0

I have the following PCRE2 regex that works to match and remove timestamp lines in a .webVTT subtitle file (the default for YouTube):

^[0-9].:[0-9].:[0-9].+$

This changes this:

00:00:00.126 --> 00:00:10.058
How are you today?

00:00:10.309 --> 00:00:19.272
Not bad, you?

00:00:19.559 --> 00:00:29.365
Been better.

To this:

How are you today?

Not bad, you?

Been better.

How would I convert this PCRE2 regex to an idiomatic (read: sane-looking) equivalent for sed's flavour of regex?

Hashim Aziz
  • 4,074
  • 5
  • 38
  • 68

2 Answers2

1

Using your regex with sed

$ sed -En '/^[0-9].:[0-9].:[0-9].+$/!p' file
How are you today?

Not bad, you?

Been better.

Or, do not match lines that end with an integer

$ sed  -n '/[0-9]$/!p' file
How are you today?

Not bad, you?

Been better.
HatLess
  • 10,622
  • 5
  • 14
  • 32
  • The first one gives me a "no such file or directory" error when I try and use it in the following command: `sed -e '1,4d' -En '/^[0-9].:[0-9].:[0-9].+$/!p' "input file.vtt" > test.txt`. – Hashim Aziz May 13 '22 at 23:22
  • I replaced it to make the command clearer - using tab completion for the file on my shell still results in the error. – Hashim Aziz May 13 '22 at 23:25
  • Could it be something to do with trying to combine `-e` and `-E`? I was previously using two invocations of `-e` in the same `sed` command but maybe `-E` is not a drop-in replacement? – Hashim Aziz May 13 '22 at 23:26
  • This is the full command that gives me the "no such file or directory" error: `sed -e '1,4d' -En '/^[0-9].:[0-9].:[0-9].+$/!p' "my file.vtt" > test.txt`. – Hashim Aziz May 13 '22 at 23:28
  • @HashimAziz Does this work `sed -En '1,4d;/^[0-9].:[0-9].:[0-9].+$/!p' "my file.vtt" > test.txt` – HatLess May 13 '22 at 23:33
  • 1
    Yes, that works perfectly, as does adding the spaces back between `/ ! p`, so I suppose I was right in my hunch that -e and -E can't be combined, which you solved by integrating the first command into the -E. – Hashim Aziz May 13 '22 at 23:38
1

Your pattern is not a specific PCRE2 pattern, only using sed you have to escape the \+ to make it a quantifier for 1 or more times.

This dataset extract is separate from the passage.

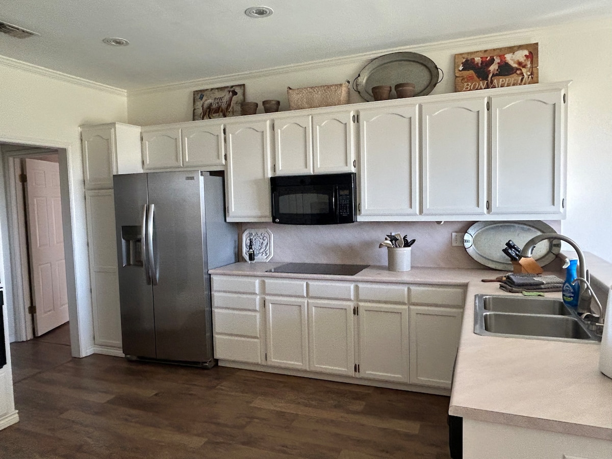 Relájate con toda la familia en esta casa de dos dormitorios. Deja atrás el bullicio de la vida cotidiana en este lugar tranquilo. Estamos a solo 7 minutos de todos los maravillosos restaurantes, bares y tiendas del centro de San Angelo, así como de la Universidad Estatal de Angelo. Si estás en la ciudad por razones médicas, apreciarás la proximidad al Hospital Shannon. Si estás visitando a familiares militares, te encantará estar a solo 10 minutos en coche de la base aérea de Goodfellow.

At the positions that you use a dot to match any character (and looking at the example data) there is a digit as well.

You could make the pattern a bit more specific, and omit the quantifier at all. Just prevent the line from printing if the pattern matches.

sed -n '/^[0-9][0-9]:[0-9][0-9]:[0-9]/!p' file
  • -n prevents the default printing in sed
  • !p prints the line if the pattern does not match

Output

How are you today?

Not bad, you?

Been better.
The fourth bird
  • 154,723
  • 16
  • 55
  • 70